## What if we make the random projection hashable?

Inspired by [HashAttention: Semantic Sparsity for Faster Inference](https://arxiv.org/pdf/2412.14468) by Aditya Desai et al.
### Random hashing:

We hash $Q$ and $K$ into $B$ buckets by using a random matrix $R \in \mathbb{R}^{d \times b/2}$ and taking $\argmax([xR; −xR])$. As per the Johnson-Lindenstrauss lemma, this maps $Q$ and $K$ into a $b/2$-dimensional space in a relative-distance preserving way.

Effectively, our vector $\vec{x} \in \mathbb{R}^d$ is projected to hash vector $\vec{x}_h \in \mathbb{R}^{b/2}$, and we take its dimension with the largest component as the hash index.

### Learnable hashing:

The model can learn its own hash functions that cluster together attendant queries/keys based on semantic similarity rather than vector distance (e.g this does processing work). We want to encourage two things:
1. Downstream performance
2. Balancing loss (to prevent degenerate solutions where all q/ks are mapped to the same hash index)
    a.
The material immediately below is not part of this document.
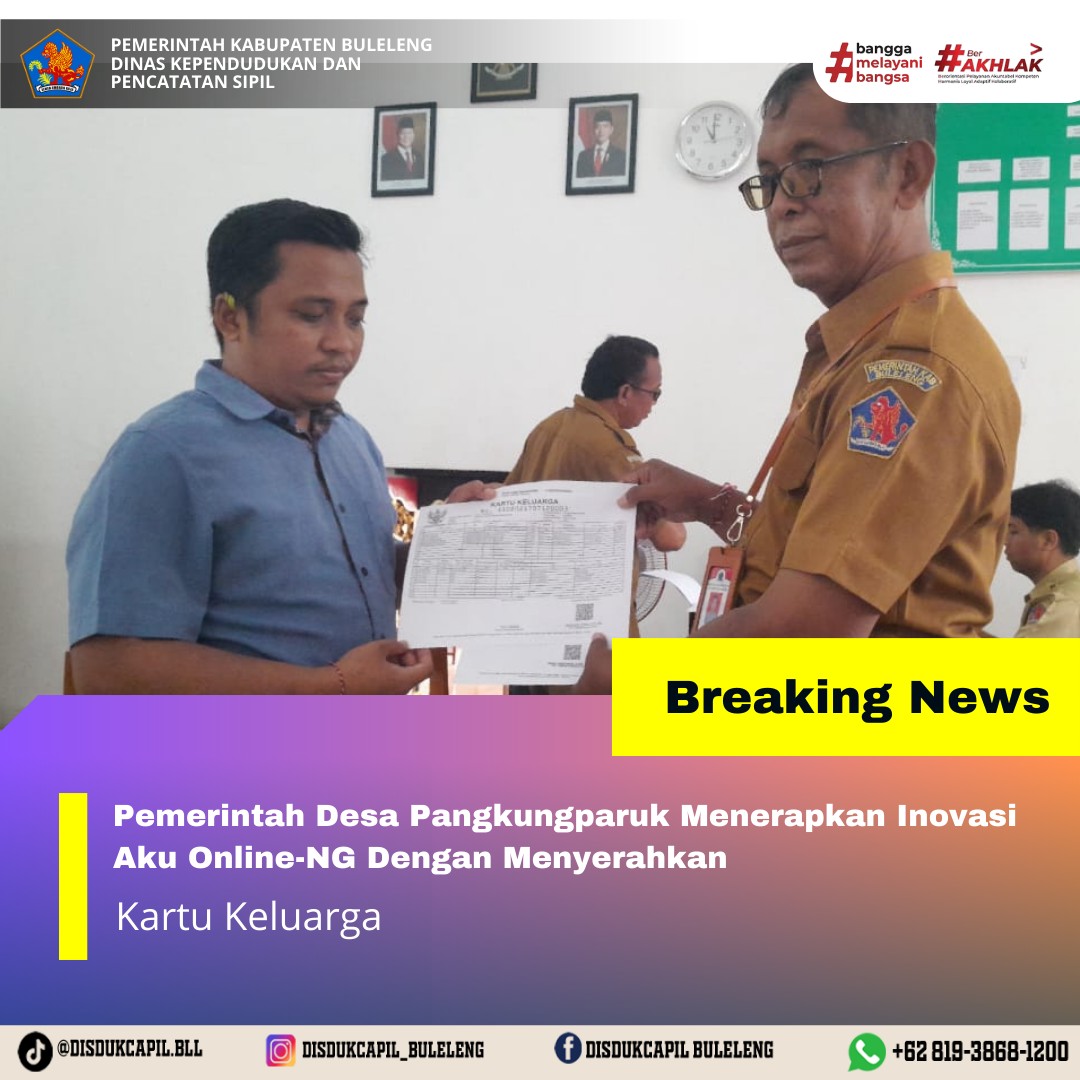 Pemerintah Kabupaten Buleleng melalui Dinas Kependudukan dan Pecatatan Sipil (Disdukcapil) Kabupaten Buleleng memaksimalkan serta mempermudah pelayanan kependudukan masyarakat dengan beberapa inovasi, melalui aplikasi AKU Online-NG. Dimana dalam penerapan aplikasi Aku Online-NG tersebut masyarakat tidak perlu lagi datang ke Dinas Dukcapil untuk melakukan pelayanan langsung cukup dengan datang ke Desa nanti akan dibantu oleh operator Desa masing-masing. Di Desa Pangkungparuk Kecamatan Seririt, telah diserahkan dokumen kependudukan berupa Kartu Keluarga atas nama Ketut Ardiasa warga Banjar Dinas Pangkungparuk Desa Pangkungparuk yang diserahkan oleh Kaur TU dan Umum Desa Pangkungparuk, Senin (8/12).

Entropy regularization?
    b. Regularization on projection matrix (L1) to prevent one dim from dominating?

In [None]:
import torch
from torch.nn import functional as F


In [None]:
def vector_hash_fn(x: torch.Tensor, num_buckets: int, R: torch.Tensor) -> torch.Tensor:
    """
    x: (..., D)
    R: (D, b/2)
    """
    D = x.shape[-1]
    assert R.shape == (D, num_buckets // 2)
    return torch.argmax(torch.cat([x @ R, -x @ R], dim=-1), dim=-1)

def get_vector_hash(D: int, num_buckets: int, device: torch.device = "cpu", dtype: torch.dtype = torch.bfloat16) -> torch.Tensor:
    R = torch.randn(D, num_buckets // 2, device = device, dtype = dtype)
    return lambda x: vector_hash_fn(x, num_buckets, R)

vector_hash = get_vector_hash(D = 10, num_buckets = 10)
vector_hash(torch.randn(50, 10, dtype = torch.bfloat16))